Carriers in autosomal inheritances
Autosomal dominant-recessive inheritance is made possible by the fact that the individuals of most species (including all higher animals and plants) have two alleles of most hereditary predispositions because the chromosomes in the cell nucleus are usually present in pairs (diploid). Carriers can be female or male as the autosoms are homologous indepentantly from the sex.
In carriers the expression of a certain characteristic is recessive (from Latin recedere "withdraw"). The individual has both a genetic predisposition for the dominant trait and a genetic predisposition for the recessive trait, and the dominant expression prevails in the phenotype. In an individual which is heterozygous regarding a certain allele, it is not externally recognizable that it also has the recessive allele. But if the carrier has offspring, the recessive trait appeares in the phenotye, in case the descendant receives the recessive allele from both parents and therefore does not possess the dominant allele that would cover the recessive trait. According to Mendelian Law of Segregation of genes an average of 25 % of the offspring become homozygous and express the recessive trait. Carriers can either pass on normal autosomal recessive hereditary traits or an autosomal recessive hereditary disease.

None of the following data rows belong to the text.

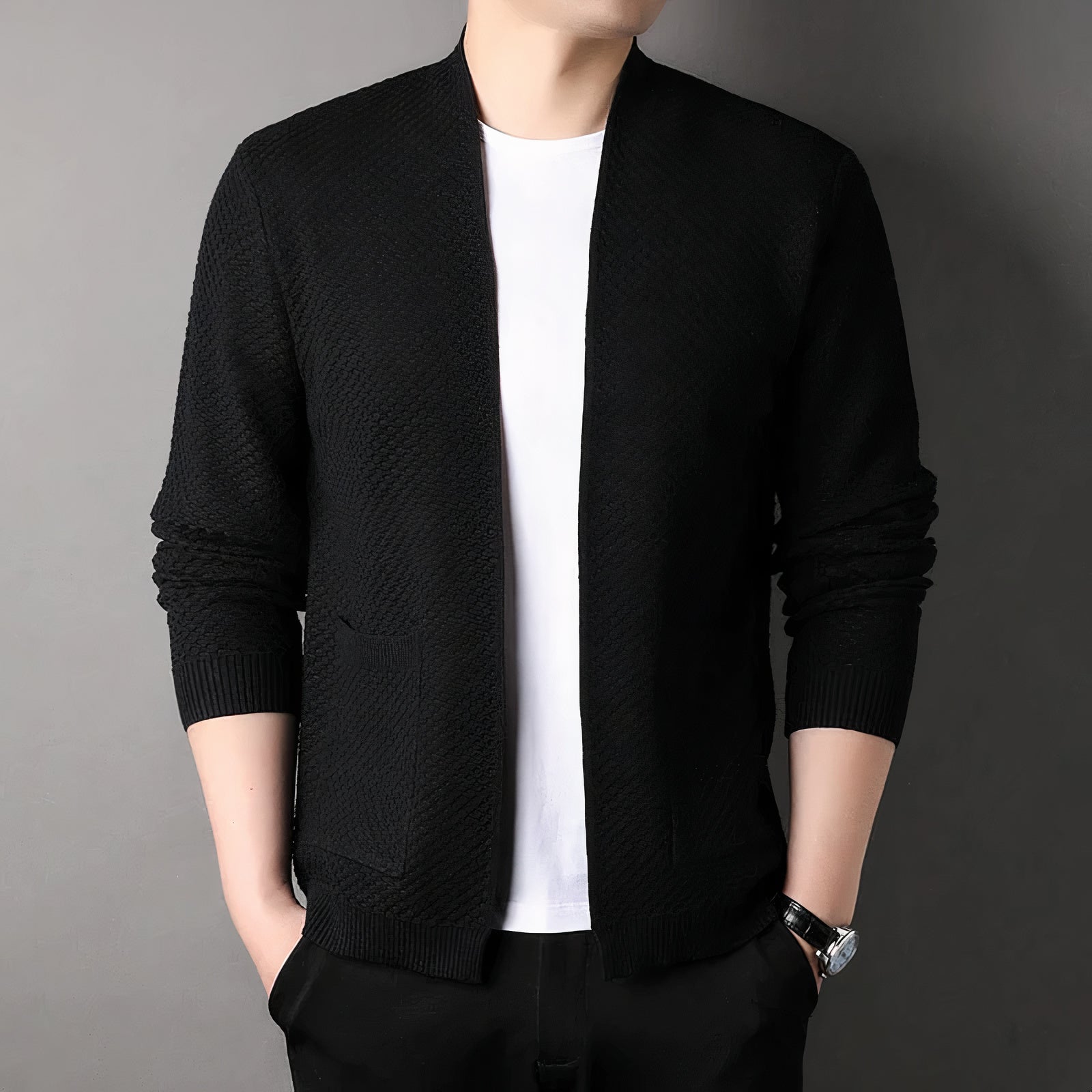 Der ELIAS Strick-Cardigan mit Ananas-Karo-Taschen bringt Raffinesse in Ihre Garderobe. Dieses elegante Herren-Design in vielseitigen Unifarben ist die perfekte Ergänzung. Er ist ein stilvoller und funktionaler Begleiter für jede Jahreszeit.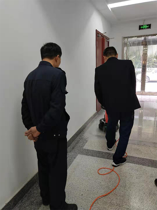 9月下半旬項目主管在日常每周檢查衛(wèi)生以及安全時,發(fā)現(xiàn)五樓會議層電梯門口以及一樓接待大廳的地磚花崗巖石材都有深淺不一的污痕,地面顯得非常臟亂,在使用潔而亮堿水等一系列清潔方式之后都沒有很好的效果。就去跟特種設(shè)備安全監(jiān)督檢驗研究院甲方建議是否需要借助外力來恢復(fù)地面整潔,結(jié)果是需要借助外力,項目部聯(lián)系公司總部派專項技術(shù)人員來看了下覺得需要翻新地面,情況匯報甲方后決定自己購買翻新機,2019年10月29日機器藥劑以及人手都準備好的情況下,劉師傅姜師傅開始觀摩公司專項技術(shù)人員怎么安裝翻新機并且記錄步驟,從后廚門口開始做翻新地面,更換磨片開始翻新,姜師傅以及劉師傅并且周邊單位過來觀摩現(xiàn)場學(xué)習(xí)機器使用與注意事項,藥劑的比例, 29日學(xué)習(xí)了翻新技術(shù),30日上午鄧師傅開始示范拋光地面,要換上別的紅磨片開始新的步驟,劉師傅姜師傅也積極在旁邊記錄以及學(xué)習(xí),以方便今后地面的維護保養(yǎng)。這一次我們學(xué)習(xí)到了地面的翻新打磨拋光以及打蠟,一次維護能夠長時間保持地面的干凈整潔。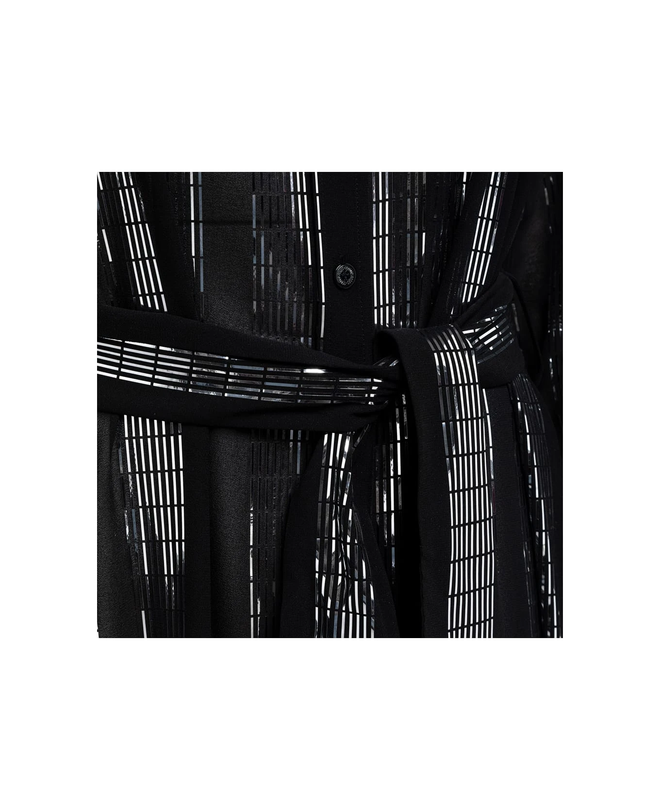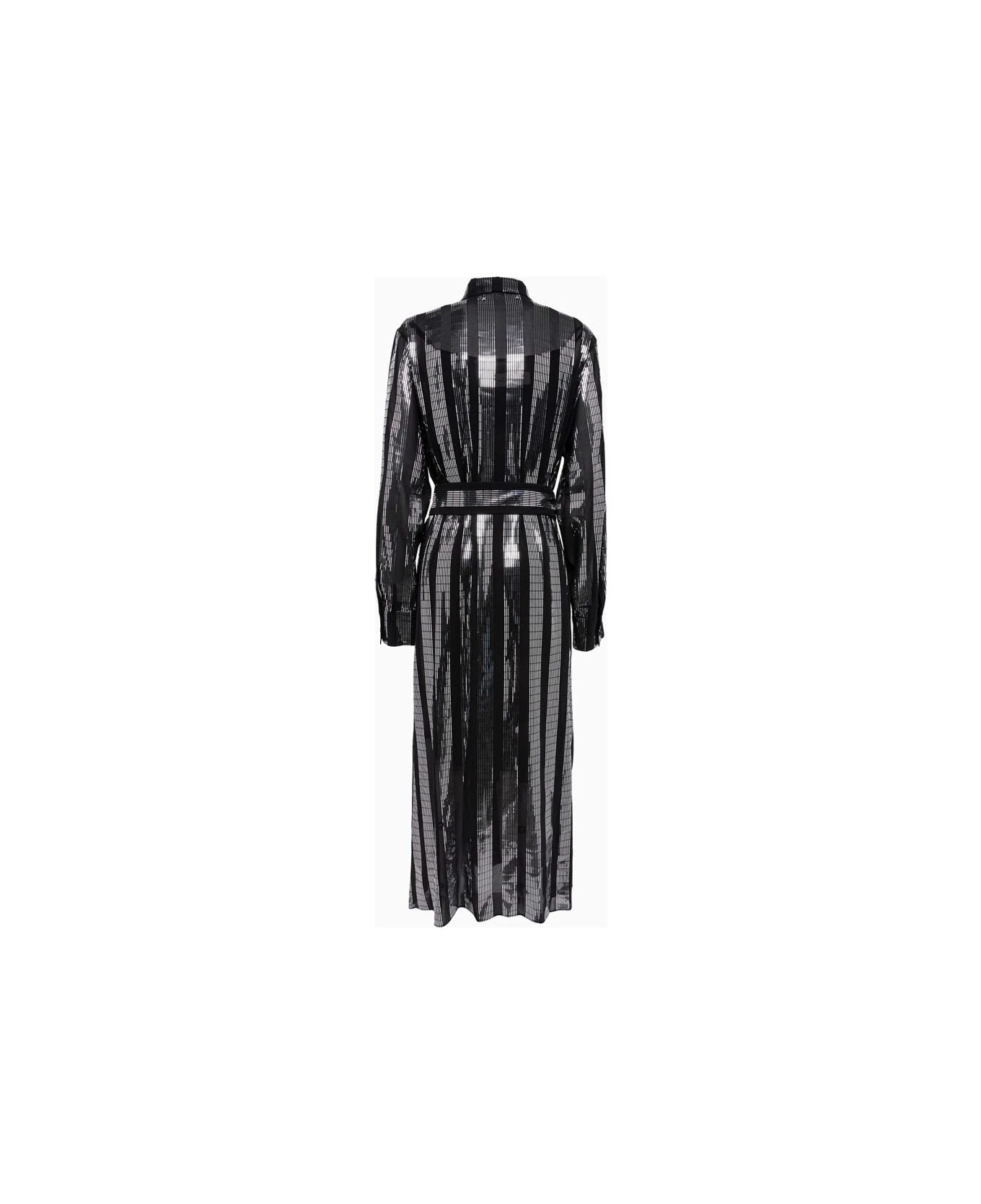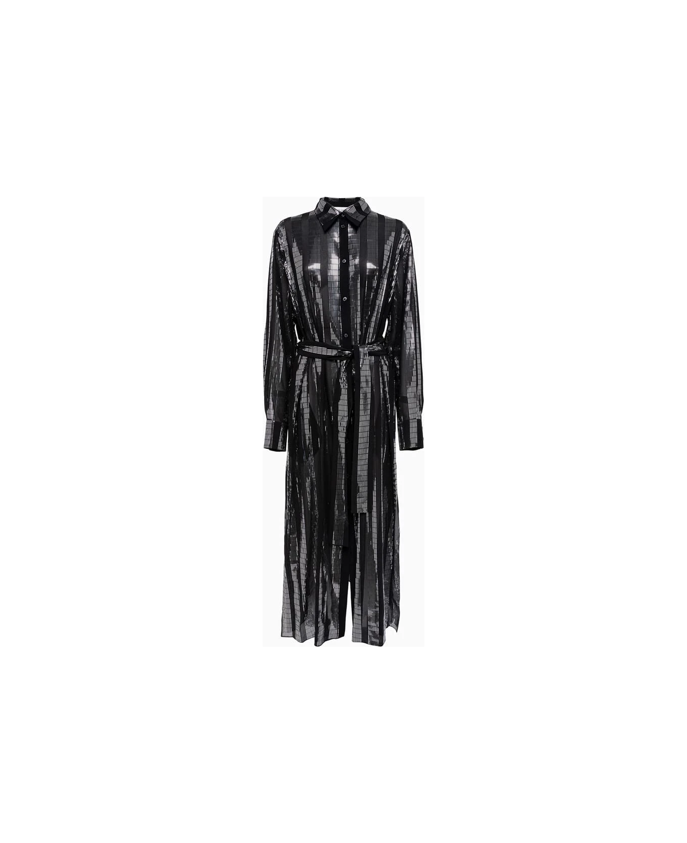 made in italy journey chemisier dress in solid color fabric with laminated optical details. classic collar. button closure. long sleeves, buttoned cuffs. loops at waist and sash belt. side welt pockets. solid color lining. regular fit. composition: 100% polyester.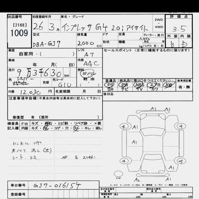 SUBARU IMPREZA G4 2.0I EYESIGHT - лот 1009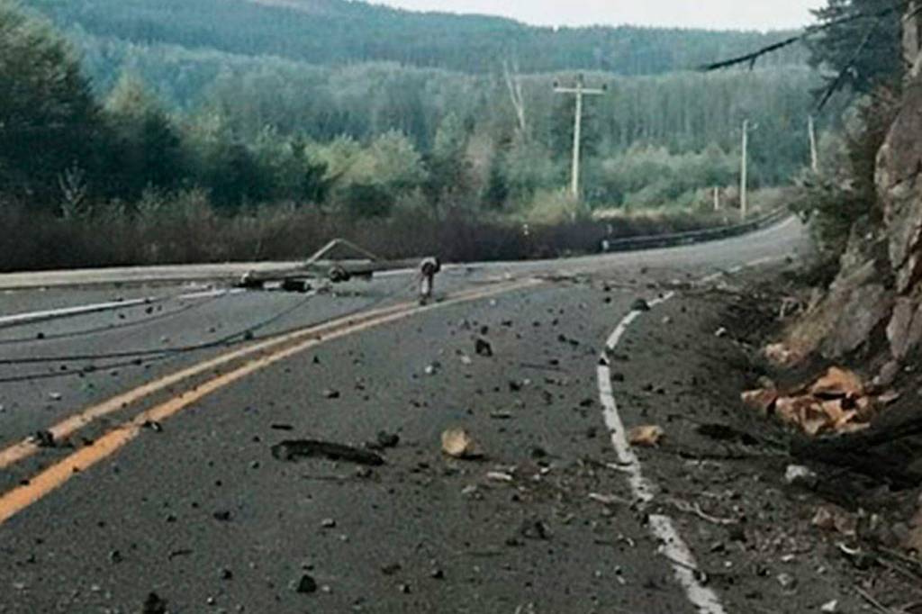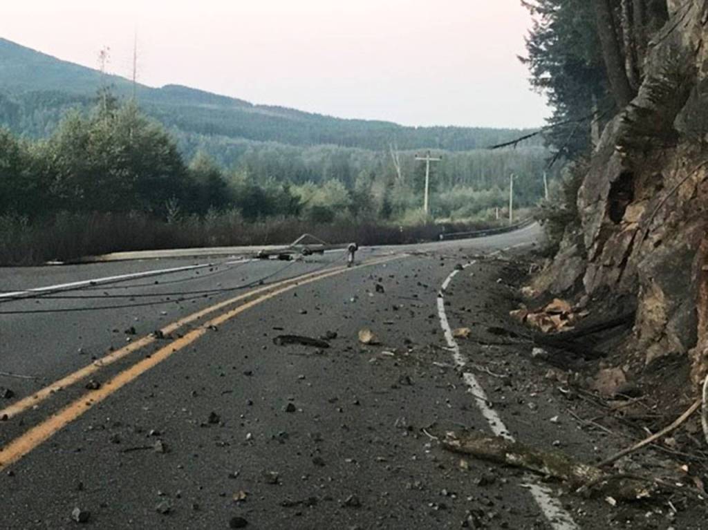 The wildfire burned and weakened trees and roots, loosening rock and debris from the hillside. The trees and large rocks continue to fall to the roadway below, creating unsafe travel conditions for the 14-mile section of SR 410.

Carriers in gonosomal inheritances
Gonosomeal recessive genes are also passed on by carriers. The term is used in human genetics in cases of hereditary traits in which the observed trait lies on the female sex chromosome the X chromosome. The carriers are always women. Men cannot be carriers because they only have one X chromosome. The Y chromosome is not a really homologous chromosome. For this reason, the genetic make-up of the observed trait is not twofold. If a man has a certain recessive genetic disposition on his X chromosome, this is called hemizygot and it gets phenotypically expressed. Also a recessive genetic disposition on his Y chromosome - also hemizygot - can come to expression, because there is no homologous chromosome with an allele, which could overlay it. If there is no genetic information on the Y chromosome for a certain trait, the effect of the Y is neutral and the allele on his X chromosome, which would be recessive in a heterozygous woman, can now alone come to expression.
Women have two homologous sex chromosomes (XX). Therefore women can be carriers of X-linked genes. Examples of traits inherited via the X chromosome are color blindness and the most common hereditary form of Haemophilia. Men are affected much more often than women.[1][2]
Queen Victoria, and her daughters Princesses Alice and Beatrix, were carriers of the hemophilia gene (an abnormal allele of a gene, necessary to produce one of the blood clotting factors). Both had children who continued to pass on the gene to succeeding generations of the royal houses of Spain and Russia, into which they married.[3] Since males only have one X chromosome, males who carried the altered gene had hemophilia B. Females have two X chromosomes, so one copy of an X-linked recessive gene would cause them to be an asymptomatic carrier. These females simply passed it to half of their children.[4]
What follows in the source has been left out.